Page last updated at 12:23 GMT, Friday, 15 May 2009 13:23 UK

Nature, nurture and exam results

By Mike Baker

Chris Woodhead
If your parents do well, you are also likely to, Chris Woodhead says

Do genes determine how well children will do at school?

If so, are teachers and policy-makers wasting their time trying to raise academic standards amongst children who are born "not very bright?"

These controversial, indeed uncomfortable, questions are raised by comments this week from the former Chief Inspector of Schools in England, Chris Woodhead.

Now a Professor at Buckingham University, Mr Woodhead has never been one to tiptoe around fundamental issues, however explosive they may be.

In a newspaper interview, Mr Woodhead said a child's family background largely dictated educational success.

"I think it would be unlikely that large numbers of grammar school kids would come from disadvantaged areas - the genes are likely to be better if your parents are teachers, academics, lawyers," he said.

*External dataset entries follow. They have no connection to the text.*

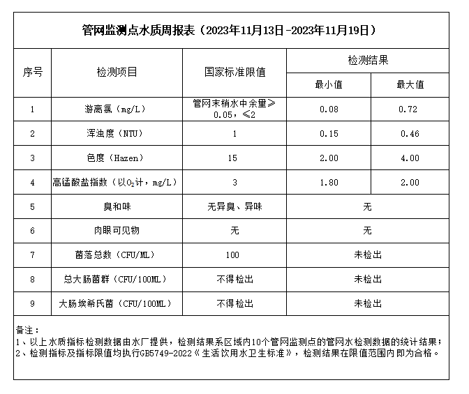管網監(jiān)測點水質周報表(2023年11月13日-2023年11月19日)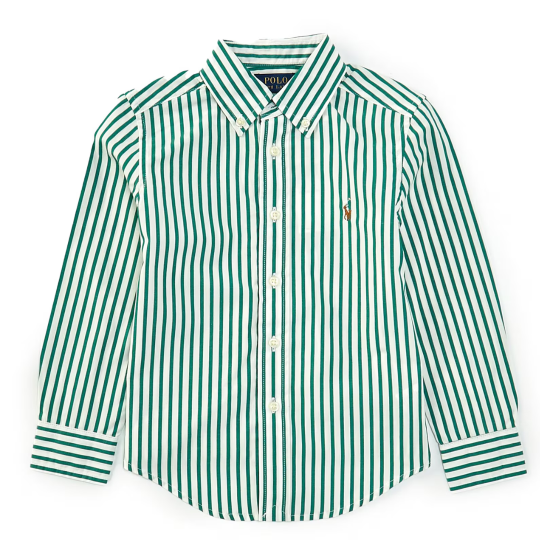 Camisa green para niños marca polo Ralph Lauren es una prenda suave, cómoda y de estilo clásico, perfecta para el uso diario de los más pequeños. Generalmente está confeccionada en algodón de alta calidad, lo que garantiza suavidad, transpirabilidad y confort durante todo el día.
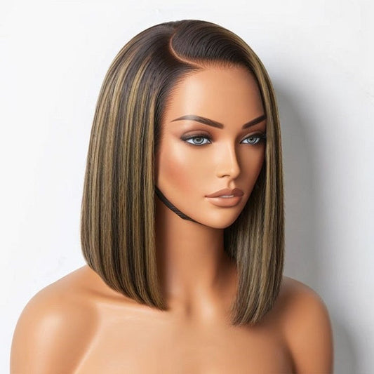 Highlights Honey Brown P4/27 Straight 7x5 Lace Bob Glueless Wig Human Hair

Therefore, he argued, less bright children should not be forced down the academic route but should be given practical and vocational training.

I suspect many of us would instinctively agree with Mr Woodhead's view that academic success is linked to genes.

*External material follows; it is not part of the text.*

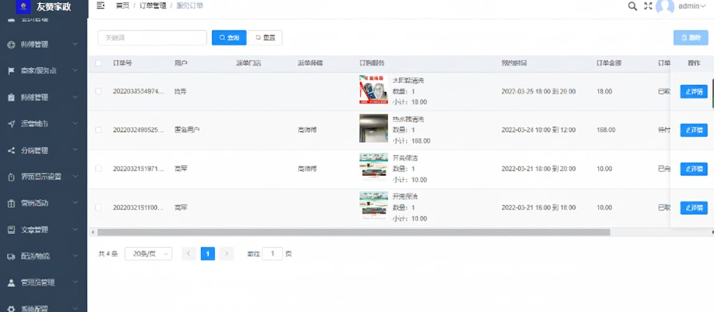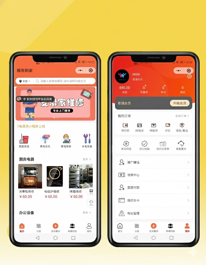 功能介绍:家政派单、营销活动、上门预约技师接单、商家入驻、区域代理

The anecdotal evidence seems to be all around us. The children of parents who have done well in the academic education system seem, mostly, to do well themselves.

But is it really true that our chances of being born bright or not so bright depend entirely on the academic success of our parents?

And do these relative levels of mental ability remain the same as we grow up or do they vary according to the affluence of parental homes?

This nature versus nurture question might seem insoluble.

But thanks to a remarkable research project there is growing long-term evidence to suggest some insights.


The 1970 Birth Cohort Survey has followed over 17,000 babies who were born in the UK during a particular week in April 1970.

It has measured their medical, educational and social development at intervals since then.

Leon Feinstein, from the Institute of Education at the University of London, has interrogated the educational results of the survey and produced some fascinating findings about how children's ability levels vary relative to their peers over time.

Inevitably, the account of his research that follows is highly simplified, and I would certainly recommend anyone who is interested to go to his own description of the project.

The children were tested for their educational development at 22 months, 42 months, and at age five and 10.

Later they were assessed at age 26 to see what educational success they had achieved in public examinations.

Primary school children
Is it nature or nurture that makes for academic success?

The striking picture that emerges is one where ability levels at the earliest age are a strong indicator of later educational success.

Even when measured at just 22 months, children who started out in the lowest 25% of the ability range mostly remained stuck amongst the lowest achievers as adults.

The pattern of future success is even more starkly determined at 42 months, or just three and half years old, still well before the start of formal schooling.

Over 25% of those who were in the bottom quartile of ability at this age failed to achieve any educational qualifications by the age of 26.

By contrast, only 6% of the highest scoring 42 month olds failed to get qualifications by the time they were adults.

So ability levels soon after birth are a very strong predictor of future educational success.

Or, to give another example, those who were in the top 25% at 42 months were more than three times more likely to go on to get A- levels than those in the bottom 25%.

Social class

So the deterministic view about genes appears to be borne out by the evidence so far.

Educational achievement would appear to be set in stone well before children even start school.

But wait, there is more.

The evidence also shows that within this overall picture, there is a fair degree of movement.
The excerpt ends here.